Professor Voolsamdrek of the Technische Hochschule cocked his head. This ragged, itinerant creature was speaking without authority of things in which he had no qualification or degree, which was dangerous. (Indeed it
was, and the reason Jacob Bayer had been ejected from one town after another like bullet casings from the port of a gun.)

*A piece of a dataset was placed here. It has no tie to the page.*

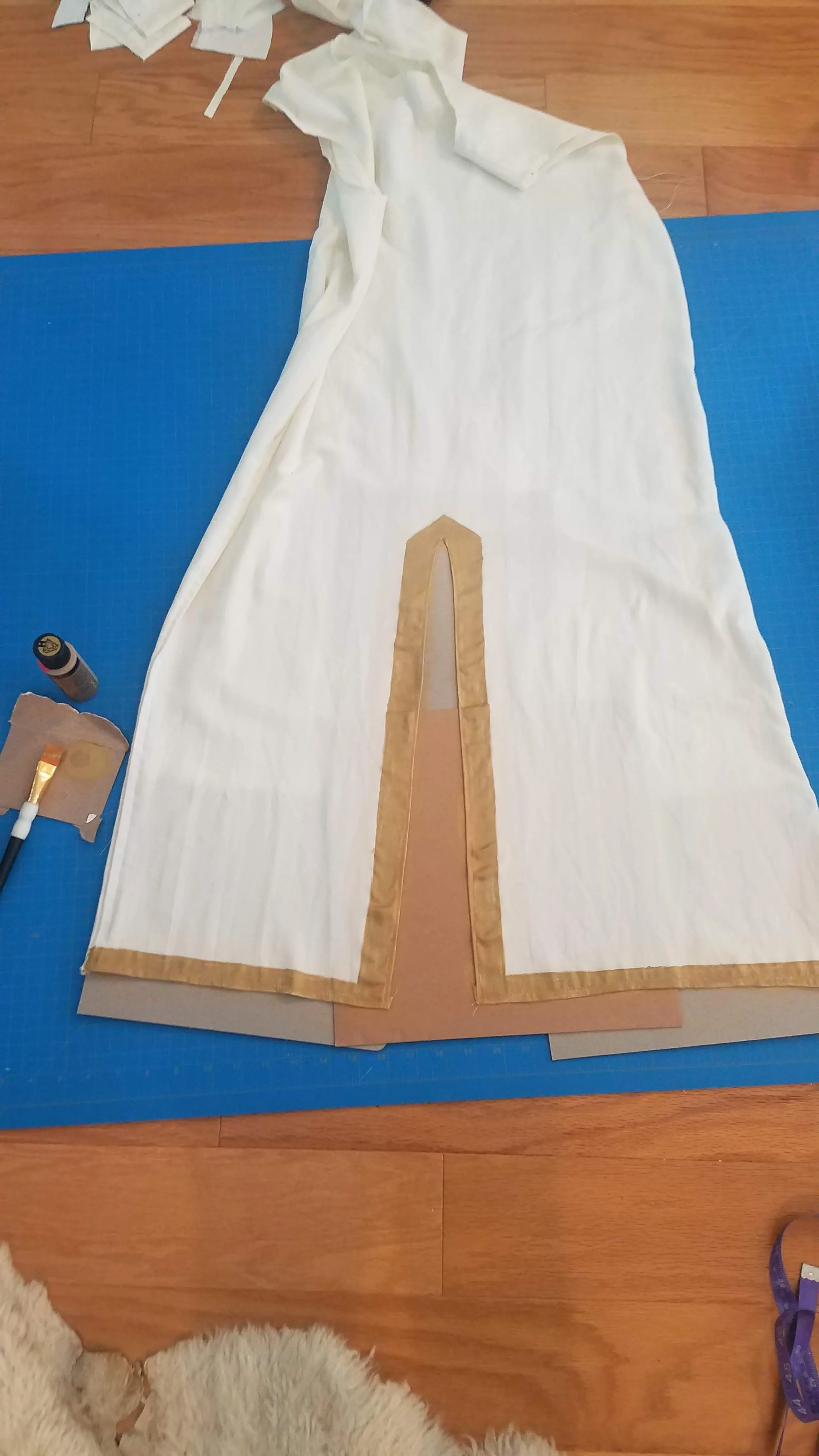 At this point, I realized I forgot that King Arthur has a gold hem so I painted the hem with gold acrylic paint and waited for it to dry before turning it over and painting the back hem.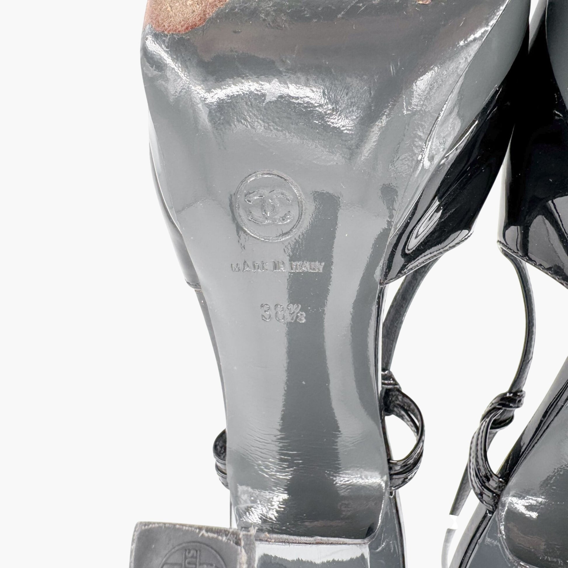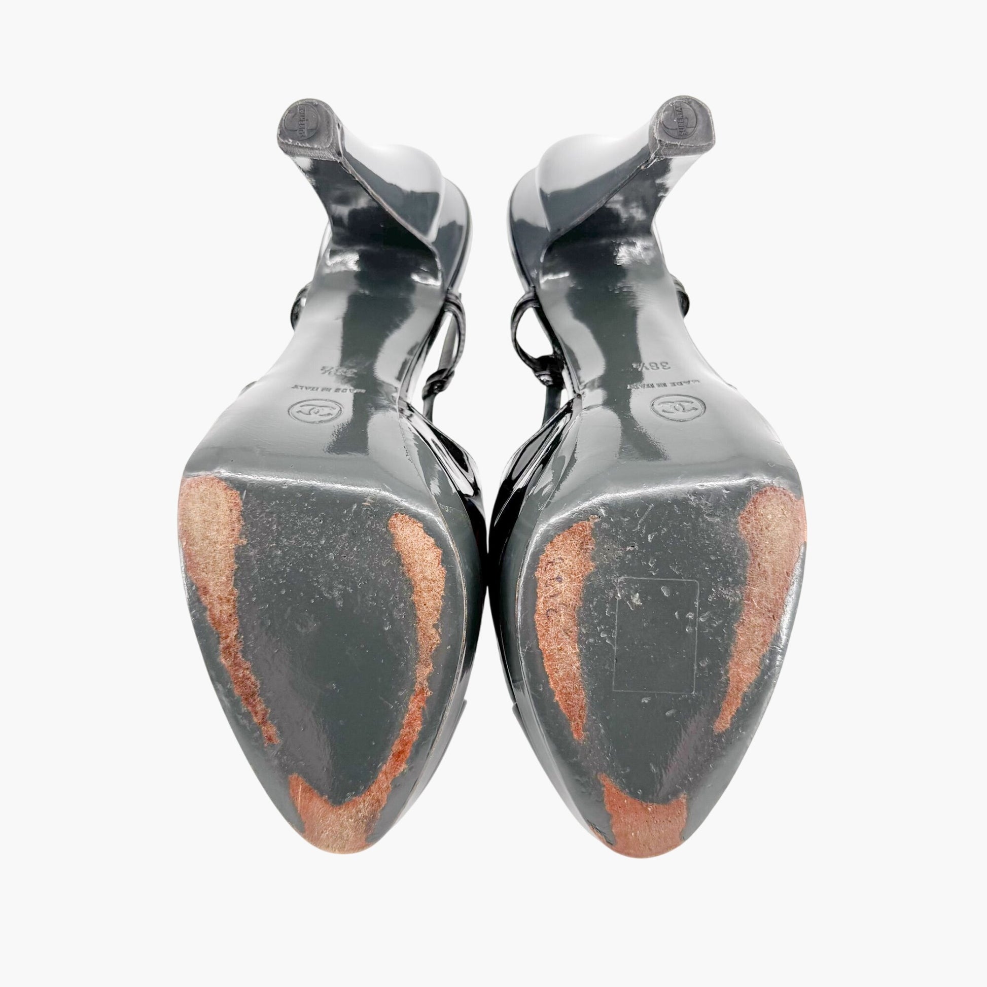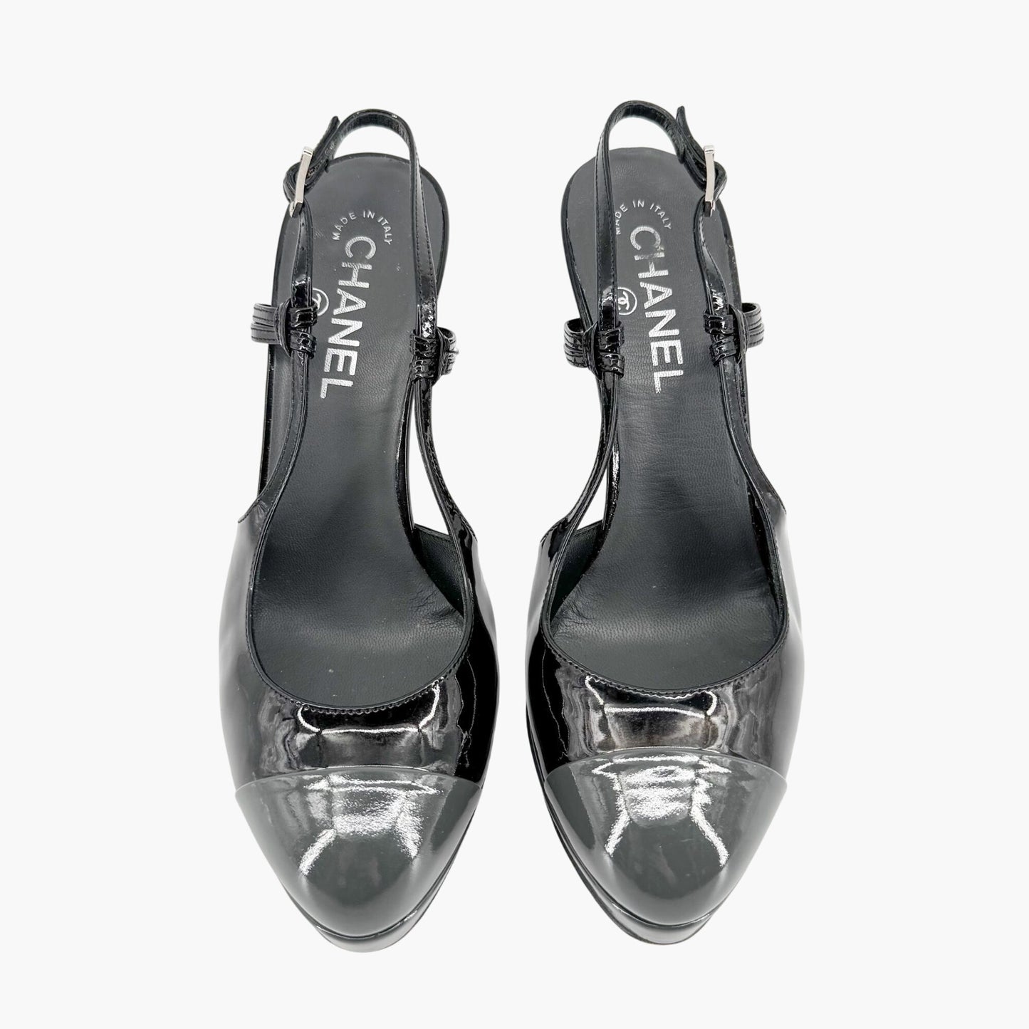 Chanel Cap Toe Slingback Pump Size 38.5 US 7.5-8 Black Patent Platform High Heel

“Significant!” Jacob Bayer repeated derisively. “The emanations that you take to be enough to provide for God a dwelling are equal only to a tiny fraction of the flood that reaches us from the sun. A billionth? No. A trillionth? No. Perhaps a trillionth part of a trillionth part, if that? And that flood that strikes us is of the sun’s full generation only what strikes [pausing to calculate the circumference of the earth’s orbit around the sun and convert it, approximately, to degrees, he appeared to be undergoing some sort of attack] thirty seconds of arc on a flat plane, concomitantly reduced by the fact that the sun is a sphere. In other words, half a sixtieth of a three-hundred-and-sixtieth, of half a sixtieth of a three-hundred-and-sixtieth, or, approximately, one part in two billion. And that just of our sun, an incomprehensibly minor part of the fleet of suns that stretch into the infinity of the universe.

“Mind you, to be infinitely insignificant in power is only one shortcoming of your golden network. It is also a weakling of variety, a tiny sliver of the radio spectrum, not even a piccolo to a great symphony orchestra. The curtains of light and sound that flood through space in mutual clashes and interference are something rather different from your little mousetrap for God. But perhaps you did not know this.

“Perhaps it is, then, quality that distinguishes this construction. I have been in Koidanyev only a day, but I have heard, or heard reported, quite a few telephone conversations. Many of them were about the telephone itself, and how miraculous it is. Surely a declaration of miraculousness does not, cannot, itself provide the substance of a miracle. And then I have heard inquiries about the health of interlocutors, How are you? for example; and the exchange of contractual information, You bring me the planks, and I’ll attach them to the axles; and the articulation of great questions, such as, Didn’t his eyes sweep over Mrs. Molodetsky’s bosom like a hand stroking a cat? Of course, we can infer the substance of the
p’tcha
-making woman’s exchange with Markovich the egg handler and Sam the butcher. Orders for calves’ feet and eggs, or perhaps for blotting paper and glue, certainly would attract the eye of God, if not His envy, and excite in Him the lust to lie in a place where such miracles occur, to take up residence even, amid the dim and
monochromatic electrons, confined in hair-thin channels rather than exploding in stormlike fronts across galaxies, because such miraculous quality cannot prove to Him anything but irresistible. Right?

“But I ask you this,” he said, as if dismissing his previously stated arguments, as of course he was not. “What makes this network more miraculous than the telegraph, which has been with us in force for half a century, which casts a wider and more comprehensive net, runs under more seas, crosses more passes, and branches into countless more locations? Would God favor speech more than abstract code, and, if so, why? Why, in fact, would He not want to live in the post office? Hundreds of thousands of nodes, branching into hundreds of millions of terminals, in a spectacular network the mission of which is to transmit great masses of silent, simple, unspoken code—that is, lines that make letters, letters that make words, words that make phrases, and so on. A code that, though transmitted in utter soundlessness and privacy, blossoms at its destination into colorful and evocative images—of battles, love affairs, great cities, oceans in storm, stars bursting, children born, wagons creaking, hearts healing. A code that opens like fireworks against a black sky, and rises in its solidity and beauty like prayer. Why is this in any way a lesser network, a lesser attraction, or a lesser temptation to the eye of God?